(Records supplied)
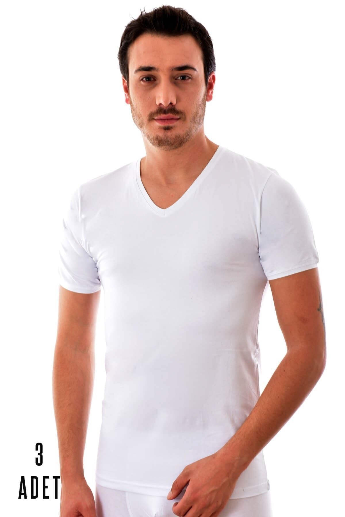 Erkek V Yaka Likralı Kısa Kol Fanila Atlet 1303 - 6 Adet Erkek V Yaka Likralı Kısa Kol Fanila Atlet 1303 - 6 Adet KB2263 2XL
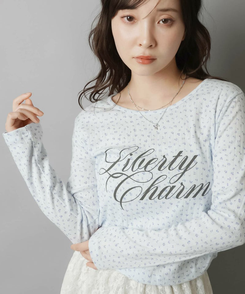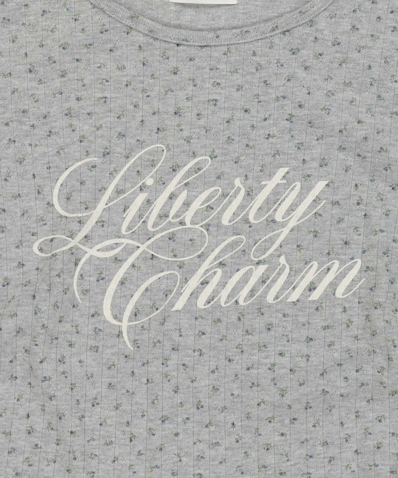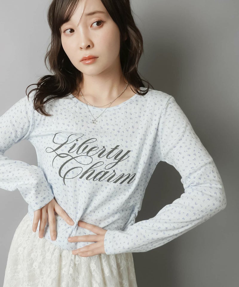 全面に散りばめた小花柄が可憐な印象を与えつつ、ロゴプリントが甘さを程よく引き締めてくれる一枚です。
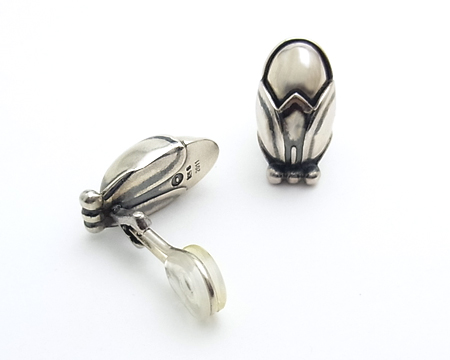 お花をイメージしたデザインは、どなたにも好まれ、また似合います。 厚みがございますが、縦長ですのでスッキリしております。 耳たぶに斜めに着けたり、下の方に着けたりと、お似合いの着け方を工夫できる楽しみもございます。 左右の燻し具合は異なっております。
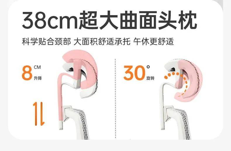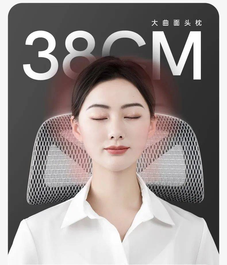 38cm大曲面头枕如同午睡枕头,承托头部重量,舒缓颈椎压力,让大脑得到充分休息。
* * *
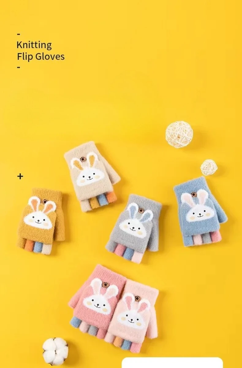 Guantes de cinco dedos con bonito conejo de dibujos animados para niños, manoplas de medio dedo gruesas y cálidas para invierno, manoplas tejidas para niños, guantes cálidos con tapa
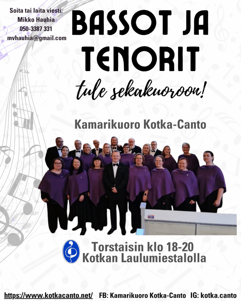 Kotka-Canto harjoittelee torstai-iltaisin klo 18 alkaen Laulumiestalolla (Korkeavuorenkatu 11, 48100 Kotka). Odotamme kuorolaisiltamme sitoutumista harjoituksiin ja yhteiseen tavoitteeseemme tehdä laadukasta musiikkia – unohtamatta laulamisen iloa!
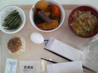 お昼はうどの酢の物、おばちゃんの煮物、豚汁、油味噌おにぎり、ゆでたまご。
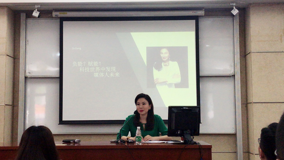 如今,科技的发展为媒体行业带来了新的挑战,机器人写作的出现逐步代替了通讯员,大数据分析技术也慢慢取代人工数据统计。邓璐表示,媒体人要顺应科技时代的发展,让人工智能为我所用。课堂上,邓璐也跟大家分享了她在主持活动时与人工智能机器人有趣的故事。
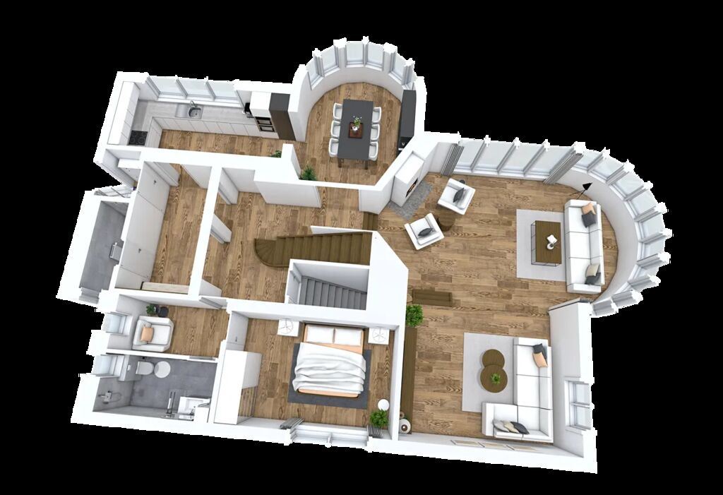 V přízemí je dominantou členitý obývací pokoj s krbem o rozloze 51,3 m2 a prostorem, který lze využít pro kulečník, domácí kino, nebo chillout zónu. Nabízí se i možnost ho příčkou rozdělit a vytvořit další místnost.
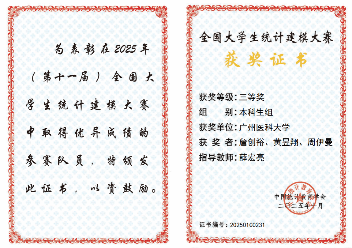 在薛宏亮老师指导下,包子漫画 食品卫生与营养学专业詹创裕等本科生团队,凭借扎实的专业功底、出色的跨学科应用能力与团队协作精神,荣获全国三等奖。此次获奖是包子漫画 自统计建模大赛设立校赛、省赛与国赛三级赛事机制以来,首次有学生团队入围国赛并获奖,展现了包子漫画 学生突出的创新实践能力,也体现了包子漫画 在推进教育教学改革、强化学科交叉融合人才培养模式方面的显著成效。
* * *
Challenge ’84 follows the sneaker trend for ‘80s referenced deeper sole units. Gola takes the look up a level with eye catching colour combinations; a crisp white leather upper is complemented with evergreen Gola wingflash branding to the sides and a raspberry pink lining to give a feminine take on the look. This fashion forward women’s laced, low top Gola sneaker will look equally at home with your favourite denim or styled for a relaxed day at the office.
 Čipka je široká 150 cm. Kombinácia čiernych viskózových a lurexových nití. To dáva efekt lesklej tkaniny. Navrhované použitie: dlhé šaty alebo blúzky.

(Description of the task)
With pictures excluded, reproduce exactly the lines above from the one containing "Adet KB2263 2XL" down to the one containing "38cm大曲面头枕如同午睡枕", those two included.

(Response to the exercise)
 Erkek V Yaka Likralı Kısa Kol Fanila Atlet 1303 - 6 Adet Erkek V Yaka Likralı Kısa Kol Fanila Atlet 1303 - 6 Adet KB2263 2XL
 全面に散りばめた小花柄が可憐な印象を与えつつ、ロゴプリントが甘さを程よく引き締めてくれる一枚です。
 お花をイメージしたデザインは、どなたにも好まれ、また似合います。 厚みがございますが、縦長ですのでスッキリしております。 耳たぶに斜めに着けたり、下の方に着けたりと、お似合いの着け方を工夫できる楽しみもございます。 左右の燻し具合は異なっております。
 38cm大曲面头枕如同午睡枕头,承托头部重量,舒缓颈椎压力,让大脑得到充分休息。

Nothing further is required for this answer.